With Windows Server 2012, Microsoft introduced a very nice feature called “Storage Spaces” (and related “Storage Pools”): this technology enables you to virtualize storage by grouping industry-standard disks into storage pools, and then create virtual disks called storage spaces from the available capacity in the storage pools. You can then configure these virtual disks to provide striping capabilities across all disks in the pool, combining good performance characteristics. In addition, it enables you to add and remove disk space based on your needs. You can read more details at the link below:

Storage Spaces Overview

http://technet.microsoft.com/en-us/library/hh831739.aspx

In the context of this post, I will only cover aspects related to “Storage Spaces” feature used inside Azure IaaS Virtual Machines (VM), with the addition of some good suggestions for SQL Server specific usage case. First of all, why you should use “Storage Spaces” in Azure VMs? As you probably know, there is a limit on the number of Azure disks you can attach to any VM depending on the VM size, and “Storage Spaces” feature will not help you crossing that border. Then, why using it? The answer is simple: scaling up on the number of IOPS on a single volume. Look at the first two tables in the link below:  

Virtual Machine and Cloud ServiceSizes for Azure

http://msdn.microsoft.com/en-us/library/azure/dn197896.aspx

As you can see, at the very maximum you can have 16 1TB disks for A4, A7, A8 and A9 VM sizes; additionally, each single disk would be able to provide target performance level of 500 IOPS. You can easily imagine that if you want more IOPS in your VM, you have to use more disks, but what you can do if you need more IOPS on a single volume as in the case of SQL Server transaction log?

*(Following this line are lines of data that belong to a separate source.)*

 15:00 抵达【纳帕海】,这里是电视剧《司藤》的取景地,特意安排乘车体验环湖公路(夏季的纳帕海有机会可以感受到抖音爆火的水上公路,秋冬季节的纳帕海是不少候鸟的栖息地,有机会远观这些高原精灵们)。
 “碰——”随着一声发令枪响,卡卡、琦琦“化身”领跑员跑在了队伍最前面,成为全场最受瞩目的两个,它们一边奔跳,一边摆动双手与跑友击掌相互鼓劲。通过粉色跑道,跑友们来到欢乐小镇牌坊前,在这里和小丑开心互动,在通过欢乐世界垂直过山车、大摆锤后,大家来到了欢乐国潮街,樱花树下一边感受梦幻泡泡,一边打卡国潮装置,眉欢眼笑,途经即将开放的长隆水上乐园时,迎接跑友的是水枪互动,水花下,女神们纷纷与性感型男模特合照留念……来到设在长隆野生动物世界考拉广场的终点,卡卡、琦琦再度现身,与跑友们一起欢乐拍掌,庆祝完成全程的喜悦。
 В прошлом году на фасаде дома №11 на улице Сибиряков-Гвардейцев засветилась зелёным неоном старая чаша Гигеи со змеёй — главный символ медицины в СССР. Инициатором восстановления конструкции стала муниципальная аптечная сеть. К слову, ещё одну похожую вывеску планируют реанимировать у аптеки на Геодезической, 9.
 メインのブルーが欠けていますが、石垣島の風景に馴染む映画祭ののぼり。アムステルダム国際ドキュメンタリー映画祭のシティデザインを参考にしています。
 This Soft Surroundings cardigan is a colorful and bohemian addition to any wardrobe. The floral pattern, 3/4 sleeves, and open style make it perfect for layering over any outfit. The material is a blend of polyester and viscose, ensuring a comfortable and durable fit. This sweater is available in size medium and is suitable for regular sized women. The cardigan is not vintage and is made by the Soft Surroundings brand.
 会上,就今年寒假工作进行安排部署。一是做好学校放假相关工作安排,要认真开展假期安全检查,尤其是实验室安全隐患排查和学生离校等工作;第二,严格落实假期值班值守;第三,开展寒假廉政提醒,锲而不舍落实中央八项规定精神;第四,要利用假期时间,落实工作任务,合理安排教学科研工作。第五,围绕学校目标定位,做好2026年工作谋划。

This is where “Storage Spaces” come into the game: you can group together more Azure data disks (pool) and present a unique volume (space) on top of that pool! Before proceeding with this approach, be careful on the following points:

  • If you are using your Windows Server 2012 R2 image, then not provided by the Azure Gallery, be aware of a bug preventing you from configuring “Storage Pools”: it has been fixed in late January, there is no public Knowledge Base article available, but if you applied regular OS updates via Windows Update, you will have the hotfix included. NOTE: This problem did not affect Windows Server 2012.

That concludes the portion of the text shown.